MD: So not too much of a welcome! [laughs].
ES: I’ll always take a welcome because it’s a big city!
MD: What do you like most about the city?
ES: It’s such a drastically different place from anywhere I’m used to- being from a very small island in Hawaii- so I’m always in awe of what a city is like and everything that it evokes creatively. To walk around and soak up a different environment is so stimulating for my brain. Sometimes way too much [laughs]. I’ve gotten to know my little area where I live (Lewisham) for the last two and a half years, and I love going on walks. I’ll walk up Blackheath Village park and along the river. I love that.
MD: What do you miss the most about Hawaii?
ES: Honestly, I miss my family and my friends. I miss being in the ocean…
MD: You don’t want to go swimming in the River Thames…
ES: [Laughs] No! When you’re in different places, the other place seems like some distant dream that it’s hard to fathom. You miss what you don’t have, so I’ll miss home when I’m in London, and when I’m home, I’ll miss being in London.
MD: The grass is always greener! Speaking of your family, let’s take it back to the beginning... It sounds like music was always in the cards for you.
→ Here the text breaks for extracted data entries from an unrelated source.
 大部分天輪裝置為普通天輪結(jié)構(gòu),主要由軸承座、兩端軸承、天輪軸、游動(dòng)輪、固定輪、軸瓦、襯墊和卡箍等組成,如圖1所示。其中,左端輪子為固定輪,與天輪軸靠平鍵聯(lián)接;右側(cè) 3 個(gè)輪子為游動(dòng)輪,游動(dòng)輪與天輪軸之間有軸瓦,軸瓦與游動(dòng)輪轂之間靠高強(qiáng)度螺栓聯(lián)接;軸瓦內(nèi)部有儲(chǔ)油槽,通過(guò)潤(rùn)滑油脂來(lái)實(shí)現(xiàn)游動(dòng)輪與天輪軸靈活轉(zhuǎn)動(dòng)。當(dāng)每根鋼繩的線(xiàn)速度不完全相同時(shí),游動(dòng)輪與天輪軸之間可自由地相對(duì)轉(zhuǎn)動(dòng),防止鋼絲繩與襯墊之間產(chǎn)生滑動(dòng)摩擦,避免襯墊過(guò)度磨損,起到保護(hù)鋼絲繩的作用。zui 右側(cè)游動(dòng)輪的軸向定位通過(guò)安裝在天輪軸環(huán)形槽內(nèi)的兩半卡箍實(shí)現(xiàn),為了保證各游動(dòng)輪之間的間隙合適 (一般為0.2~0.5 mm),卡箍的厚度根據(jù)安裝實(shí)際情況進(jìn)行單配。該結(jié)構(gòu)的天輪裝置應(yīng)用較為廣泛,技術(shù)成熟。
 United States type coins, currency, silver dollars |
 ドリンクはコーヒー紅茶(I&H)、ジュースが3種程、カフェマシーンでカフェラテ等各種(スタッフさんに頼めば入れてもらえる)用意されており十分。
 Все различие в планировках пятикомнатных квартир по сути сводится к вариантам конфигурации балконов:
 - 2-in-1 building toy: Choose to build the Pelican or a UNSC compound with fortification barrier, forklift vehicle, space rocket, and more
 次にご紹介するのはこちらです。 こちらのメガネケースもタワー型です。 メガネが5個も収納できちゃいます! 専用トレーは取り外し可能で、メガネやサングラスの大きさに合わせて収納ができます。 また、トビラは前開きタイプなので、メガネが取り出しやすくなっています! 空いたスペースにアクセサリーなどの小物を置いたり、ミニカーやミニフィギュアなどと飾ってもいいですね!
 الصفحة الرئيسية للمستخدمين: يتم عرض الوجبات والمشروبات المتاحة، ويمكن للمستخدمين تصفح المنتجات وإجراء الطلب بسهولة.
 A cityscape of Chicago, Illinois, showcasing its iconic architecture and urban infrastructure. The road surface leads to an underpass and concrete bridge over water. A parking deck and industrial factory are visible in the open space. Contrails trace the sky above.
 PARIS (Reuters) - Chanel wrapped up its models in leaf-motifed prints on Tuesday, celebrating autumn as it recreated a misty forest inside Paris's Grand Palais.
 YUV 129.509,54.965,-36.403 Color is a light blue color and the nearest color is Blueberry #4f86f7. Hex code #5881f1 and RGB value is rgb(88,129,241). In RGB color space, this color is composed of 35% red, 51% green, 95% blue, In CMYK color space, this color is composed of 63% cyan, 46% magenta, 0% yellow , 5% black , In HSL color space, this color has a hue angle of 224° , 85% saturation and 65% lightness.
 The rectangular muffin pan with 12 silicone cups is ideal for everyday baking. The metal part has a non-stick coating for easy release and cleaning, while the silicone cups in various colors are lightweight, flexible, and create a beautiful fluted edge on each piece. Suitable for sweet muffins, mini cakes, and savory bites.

ES: Yeah! I guess in the sense that it’s what everyone in my immediate family got up to in their own ways, and everybody had their own passion for it. My Grandma and my Grandpa, Mum and Dad, did many different things in their lives, but music was always a constant thing for everybody. Seeing them all pursue it in their own way was a contagious environment to grow up in and something that I always associate with the comfort of family. It’s deeply within.
MD: It’s in your blood!
ES: I guess so! I think it was as simple as music was always around, instruments were always around. It was never imposed upon me but always available.
MD: When was the turning point that made you realise you wanted to make this into a career?
ES: The point was graduating high school on the island I grew up on and realising that if I wanted to go to university… it would be so expensive in the US, and in Hawaii you get out-of-state tuition, so it’s even more expensive. So I didn’t know if that was what I wanted to do, or what the options were, but I found this school online called LIPA in Liverpool. So that was a turning point, realising that if I wanted to continue to do music, it would require making a big change and going far away to do that.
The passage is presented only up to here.